_Task instructions_:
Skip the pictures. Transcribe the rest of the data below without changing a word.

[Available data — start]

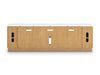 Elegance meets earthy charm in this TV stand. Crafting a contemporary living room? The faux marble top expertly pairs with the reeded base for a trend-right take on day-to-day function. Open shelving and subtly integrated storage cabinets make it easy to store and display media accessories in style.
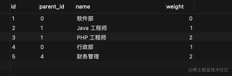 id、parent_id、name、weight等通用字段
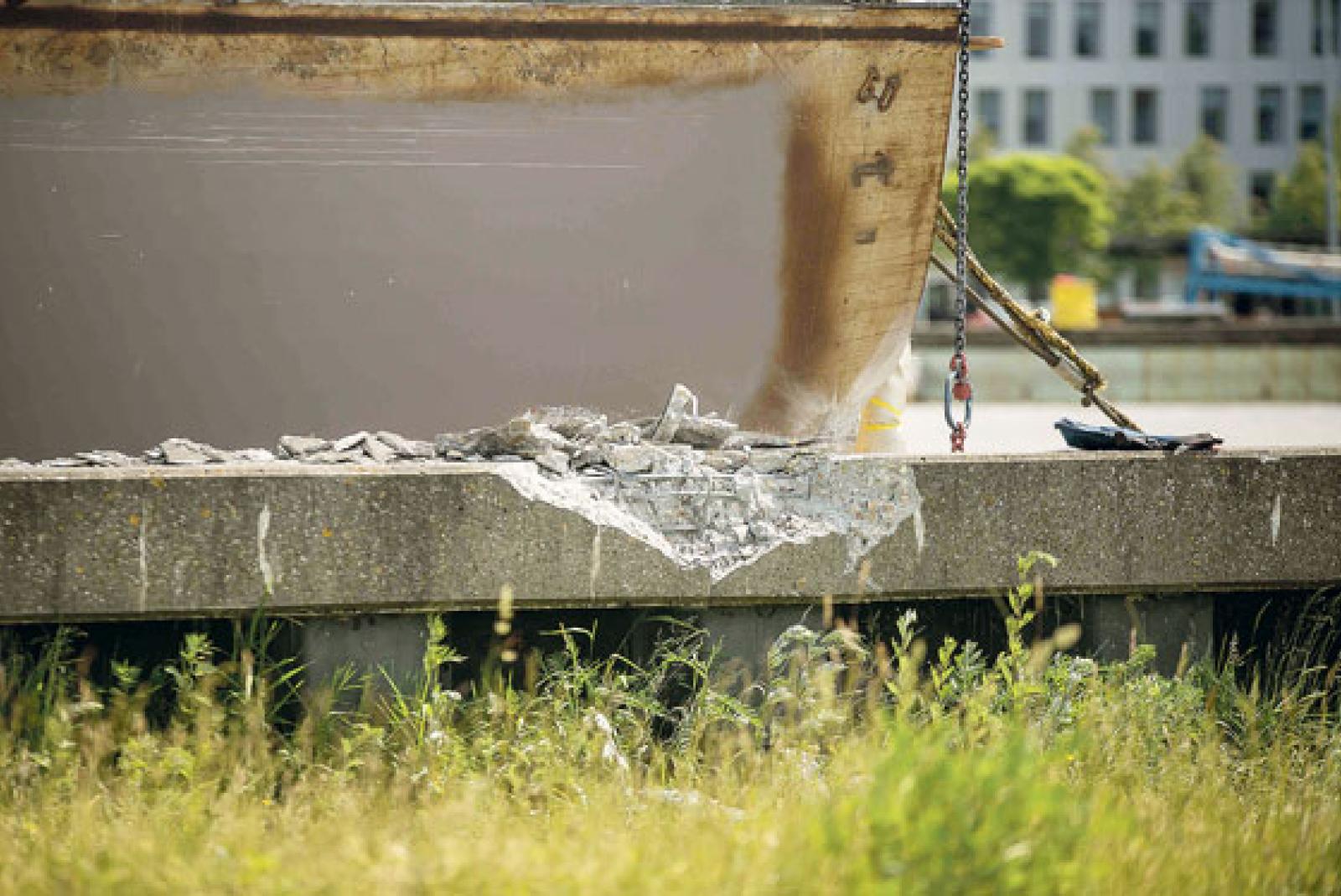 Schiffselement prallt gegen Betonwand

[Available data — finish]

_Solution_:
 Elegance meets earthy charm in this TV stand. Crafting a contemporary living room? The faux marble top expertly pairs with the reeded base for a trend-right take on day-to-day function. Open shelving and subtly integrated storage cabinets make it easy to store and display media accessories in style.
 id、parent_id、name、weight等通用字段
 Schiffselement prallt gegen Betonwand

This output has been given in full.